Reputation: 2057
So I come from a background of Matlab and Python (and several others less related). I'm picking up R for a Coursera course.
I followed this SO answer in order to read in all my homework files into a list in a single line of code. My code looks like this:
# Get a list of files
files = list.files(path = dataDir, pattern = '*.csv')
# Import the file data
setwd(dataDir)
data = lapply(files, read.csv)
This all works just fine. However, I am getting a object back that I don't know how to access. I mentioned Matlab and Python before because I've attempted to access the data in all the ways I would in those languages.
Here's what summary output:
summary(data)
Length Class Mode
[1,] 4 data.frame list
[2,] 4 data.frame list
[3,] 4 data.frame list
There are actually 352 of them not just 3 but no one needs a listing of all 352. Here's what summary
of an individual index outputs:
summary(data[200])
Length Class Mode
[1,] 4 data.frame list
So if I enter data[200]
I get listing of the first 2500 rows of data. But data[200, 100]

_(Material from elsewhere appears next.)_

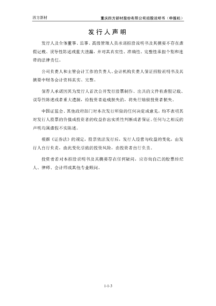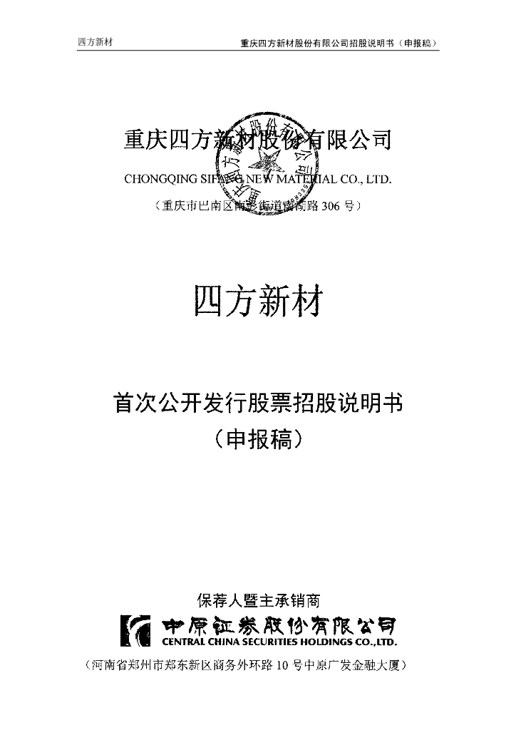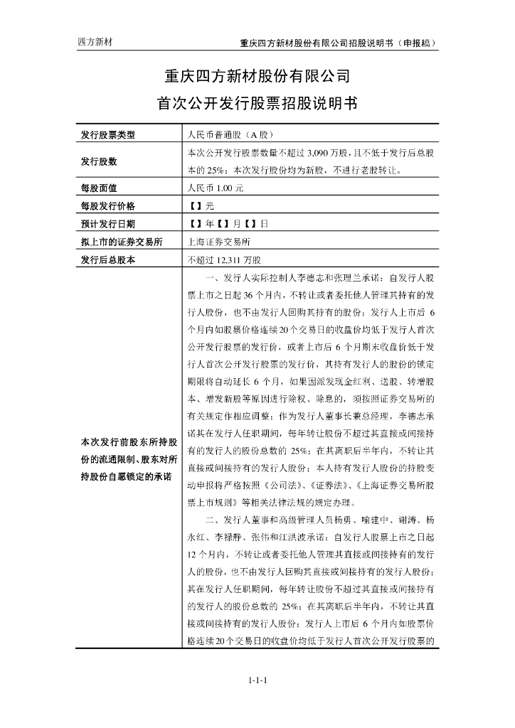 重庆四方新材股份有限公司上交所主板IPO上市招股说明书.pdf

returns as error as does data[200][,100]
and data[200][100,]
. data[200][100]
returns [[1]] NULL
.
While I haven't fully considered what I will need to do for this homework I'm sure it will involve calculating means/medians/maximum/etc of all non-NA values in various data columns. This wasn't tough to do for the quizzes using something like mean(data[which(is.na('Col1')==F), 'Col6'])
.
So I imagine I could use a more hackish version of what I need where I simply load the 1 file I need at the time I need it, extract only the portion of the data frame I need right then, and loop over all the data files I need to process. However, I'd rather know how to access the data in the object R creates from the lapply
line. I suspect this will make more complex analyses later on much easier to code.
Thanks
Upvotes: 0
Views: 1930
Reputation: 7796
When you subset, single square brackets [
always return an object of the same class as the object you are subsetting. So, data[200]
returns a list
of length 1 containing one dataframe because data
is a list. Double square brackets [[
give you the actual object contained in the list (in this case, a dataframe). Once you have a dataframe, you can select the first 100 rows with [100,]
, which is why the following works:
data[[200]][100,]
Upvotes: 3